Fischer, who jokes that his “listening audience is more conservative than conservatives,” represents a powerful constituency. Rob Stein, the founder of the Democracy Alliance, a progressive fund-raising group, says that groups like the A.F.A. are part of “the largest, best-organized, most effective, and well-financed special-interest political infrastructure in America.” Julie Ingersoll, an associate professor of religious studies at the University of North Florida, says that the goal of Christian conservatives such as Fischer is to “shape every aspect of the culture in accordance with Biblical law, including politics.” Though it’s impossible to say how decisive a role this bloc will play in November, Ingersoll notes that, in the 2012 primaries, it “succeeded in pushing the Republican Party far to the right.” She adds, “The campaign that Romney’s had to run is very different from the one he ran four years ago. Who would have thought, for instance, that contraception would be an issue?” In February, Romney expressed opposition to a Senate amendment that would have permitted employers to deny insurance coverage for birth control on religious or moral grounds; after his statement was denounced by religious conservatives, he reversed himself.

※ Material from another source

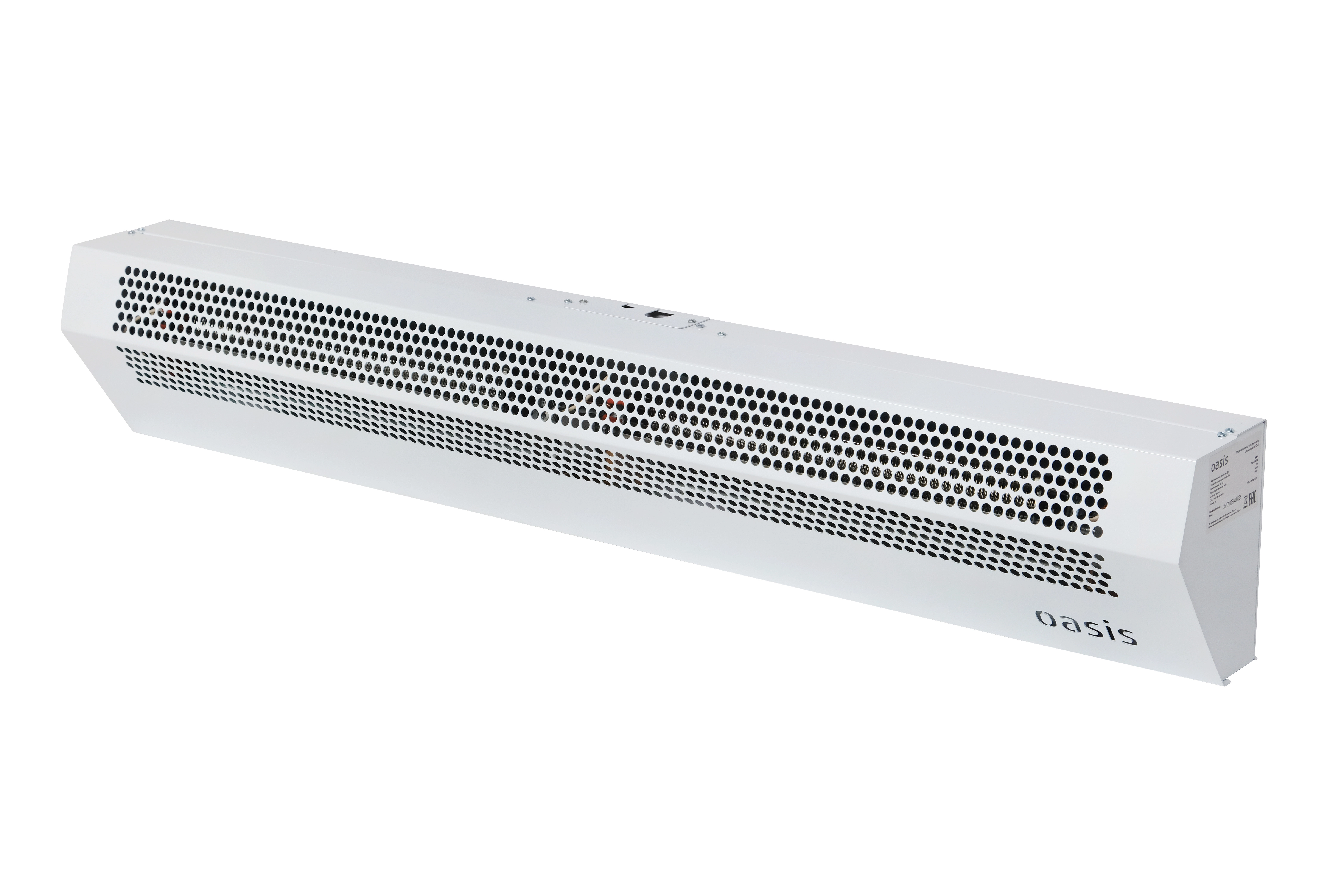 Энергоэффективный нагревательный элемент обеспечивает быстрый нагрев. В режиме работы «Вентиляция» выходящий воздух не нагревается, что полезно в тёплое время года. Система защиты от перегрева убережёт устройство от поломки. Тепловая завеса Oasis является безопасным и практичным решением как для офиса, так и для магазинов или складов.

Jonah Goldberg, the conservative columnist, has written that Fischer is an extremist with little influence and “doesn’t speak for any members of the Christian right I know.” Fischer’s successful campaign against Grenell, however, suggests that it is unwise to underestimate him. Patrick Mahoney, the director of the conservative Christian Defense Coalition, in Washington, D.C., told me, “Bryan is definitely ascending. His influence is growing because he says publicly, in an unfiltered way, what many evangelical leaders think privately. He’s fearless.”

He’s Father Coughlin without the collar or the charm.

Watergate Forty Years Later — Campaign finance reform has come full circle since that “third-rate burglary” happened on June 17, 1972.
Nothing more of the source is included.